University of Maryland (UMD) Aerospace Engineering Ph.D. student and Clark Doctoral Fellow, James Sutherland, won first place winner in the Society for the Advancement of Material and Process Engineering’s (SAMPE) University Research Symposium, Ph.D. category. Sutherland shared the first place honor with Katie Burzynski, Ph.D. candidate at the University of Dayton.
The University Research Symposium is a competitive program that sponsors selected SAMPE student members to present their technical research results at the Composites and Advanced Materials Expo (CAMX) each year. The best papers presented in each student category are awarded cash prizes, and winners in the Ph.D. category are then sponsored to present their papers at SAMPE conferences in Europe and Japan.

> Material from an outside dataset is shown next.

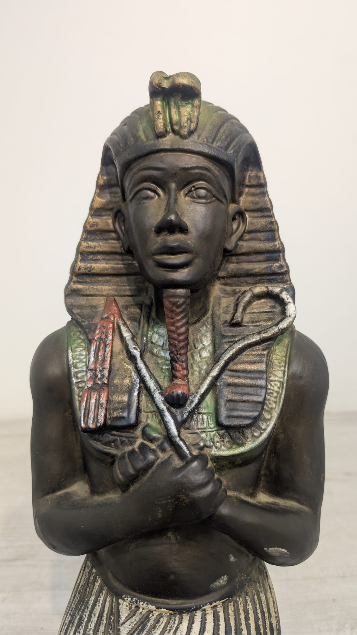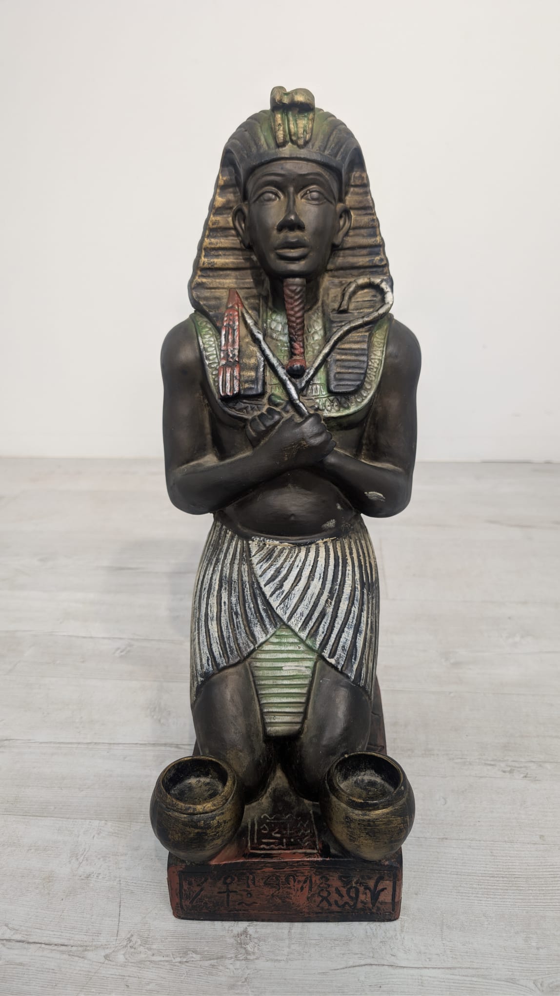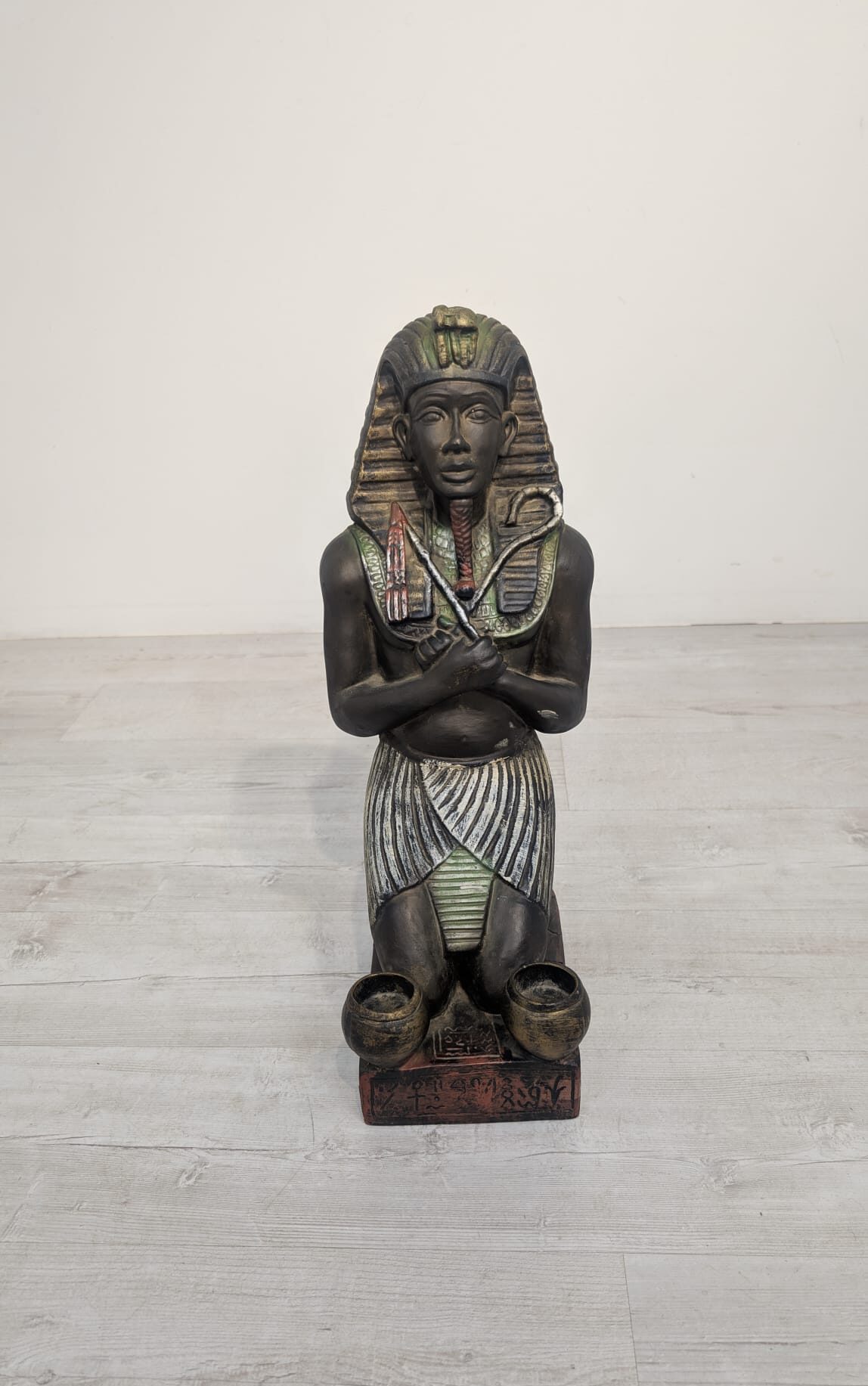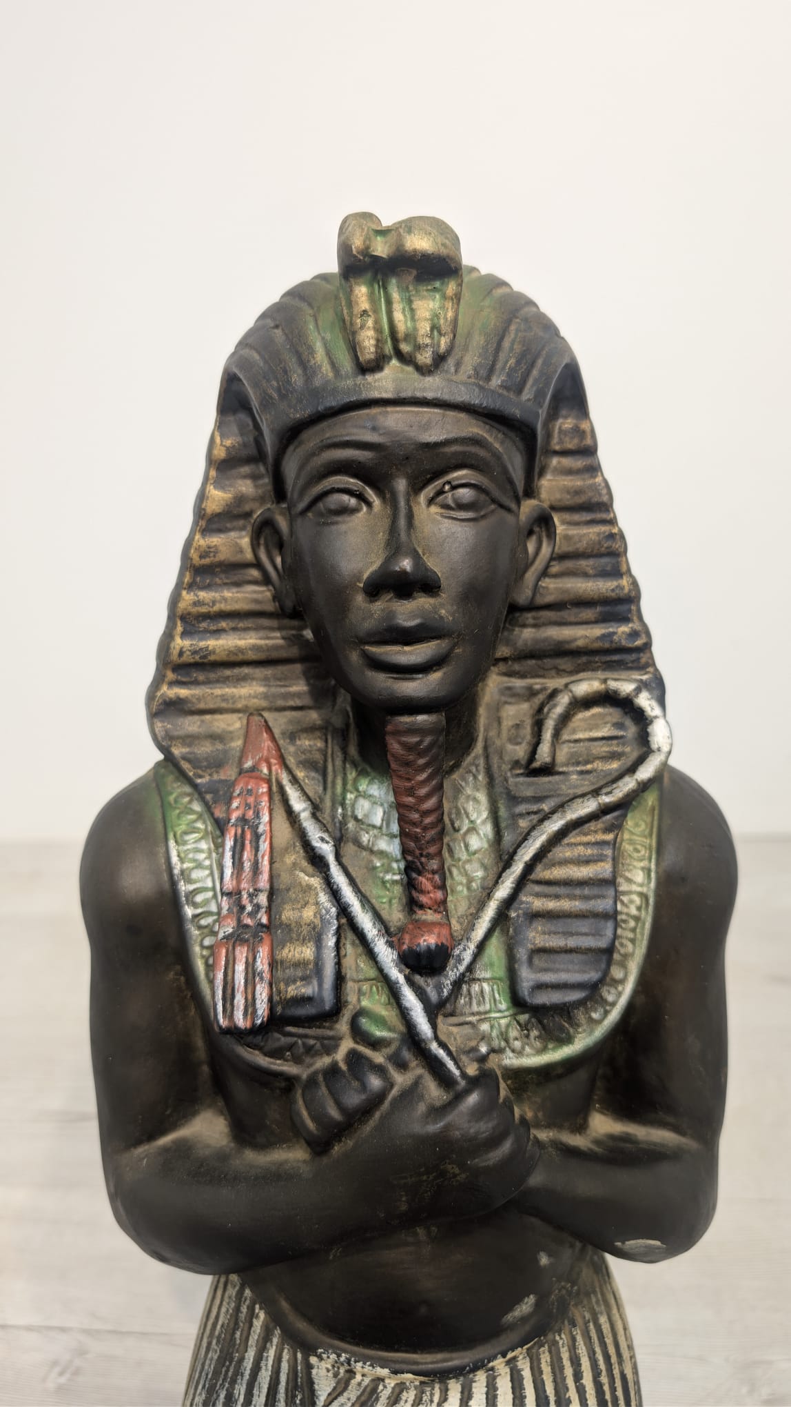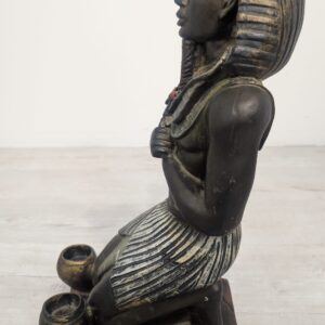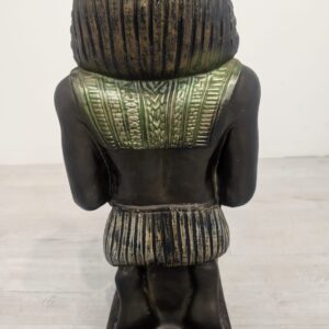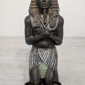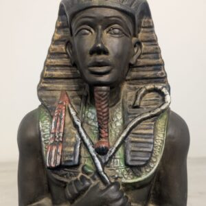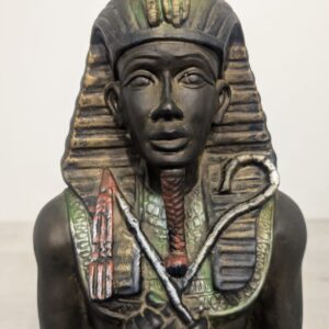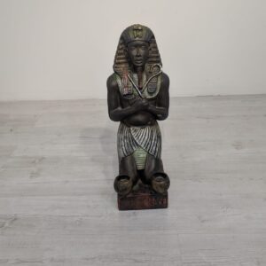 Figurka egipskiej rzeźby przedstawiającej faraona Ramzesa. Wykonana z ciemnego materiału, ozdobiona kolorowymi elementami. Ciekawa dekoracja lub kolekcjonerski przedmiot.

As part of his win, Sutherland will have the opportunity to travel to either Zurich, Switzerland or Tokyo, Japan to represent top research by SAMPE in the North America region and exhibit his work on an international stage.
Sutherland’s presentation, “Design and Modeling of Advanced Geometry Composite Proprotor Blades,” focuses on the development of novel rotor blade designs to enable faster flight for the next generation of tiltrotor aircraft.

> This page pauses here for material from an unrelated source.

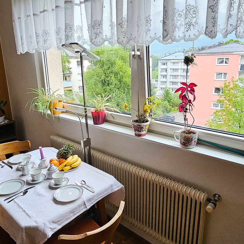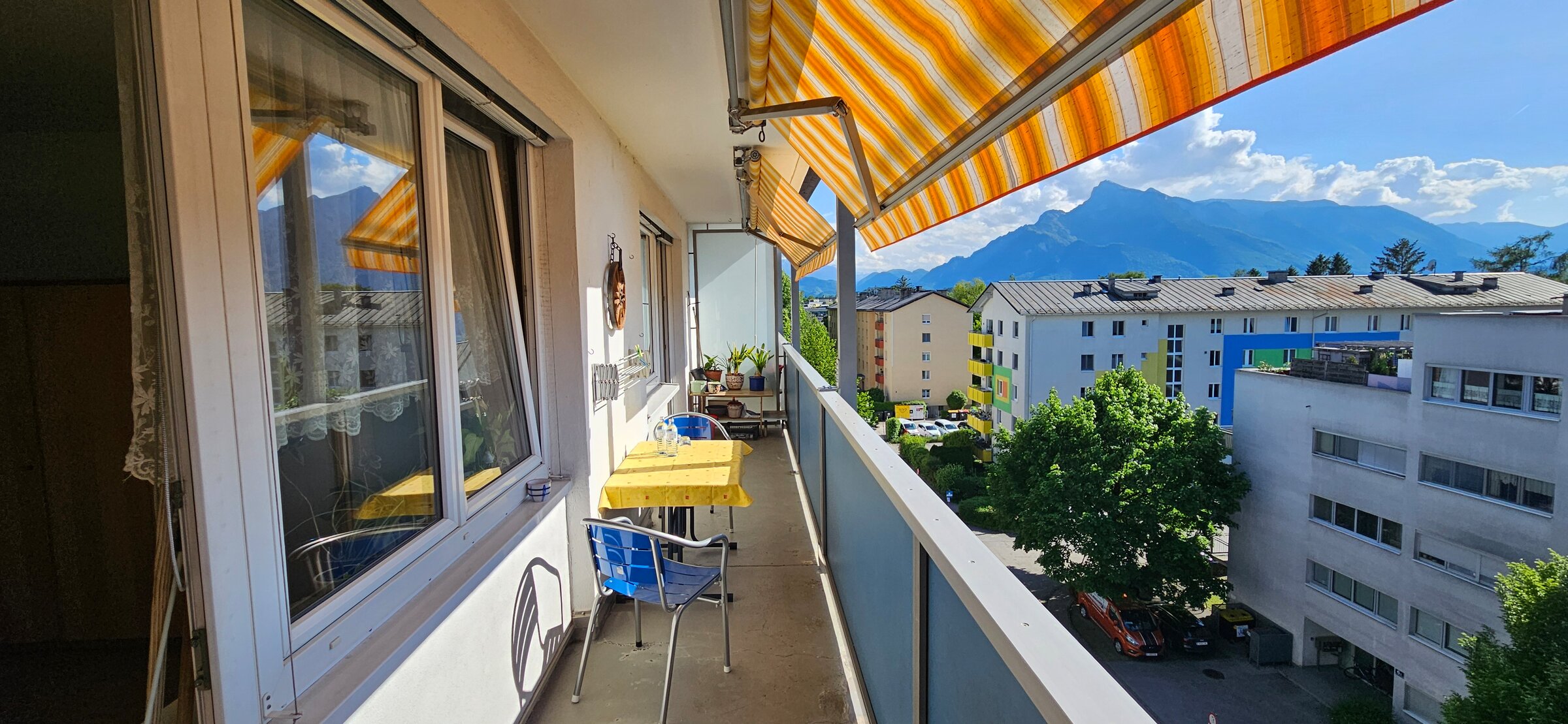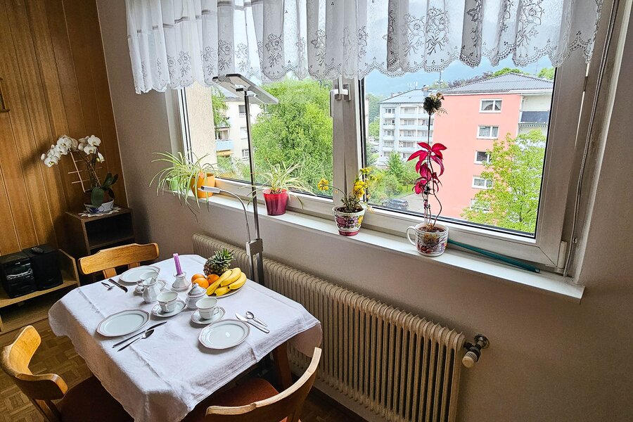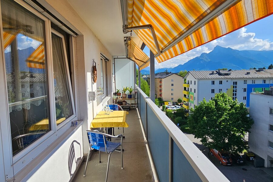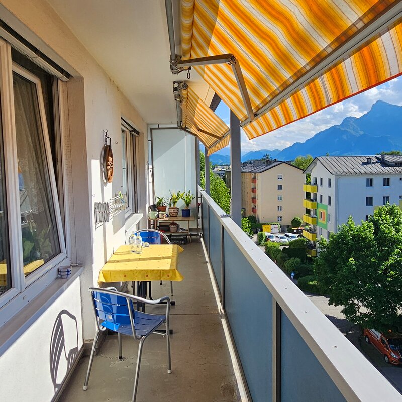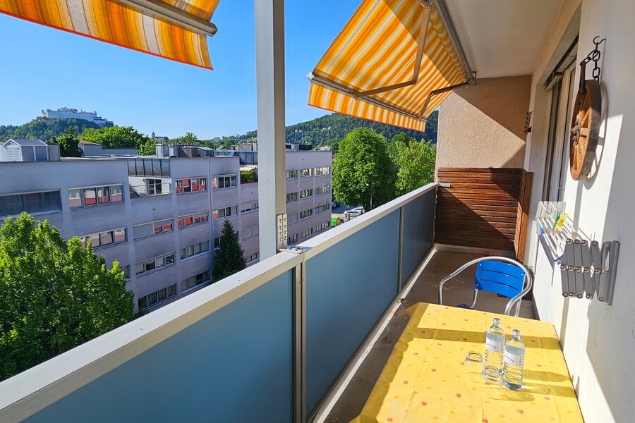 Wohnen mit Festungsblick von Wohn- und Schlafzimmer aus, Blick auf Gaisberg von Frühstückszimmer aus, Wohnen Nähe Uni Salzburg (Naturwissenschaft), Nähe Freisaal und Hellbrunner Allee (Landschaftsschutzgebiete), Obusaltestelle +5 min, zu Fuß +20 min

The use of composite materials is critical for rotor blades to ensure a lightweight structure that still has the strength to endure high dynamic loads. His work was first presented at the local Baltimore-Washington SAMPE Chapter Symposium in April 2020 where he won first place. In addition to a cash prize, he was entered into the national research symposium held virtually in November where he ultimately won first place.
Sutherland currently works in the Alfred Gessow Rotorcraft Center under the advisement of Associate Professor Anubhav Datta where he focuses on fabricating, modeling and testing rotor blades for the Maryland Tiltrotor Rig installed in the Glenn L. Martin Wind Tunnel.
Before starting his research in June of 2017, Sutherland graduated from Villanova University with a bachelor’s degree in mechanical engineering and mathematics. He was also the team leader for UMD’s first place winning submission, Elico, in the Vertical Flight Society’s (VFS) 2020 Student Design Competition.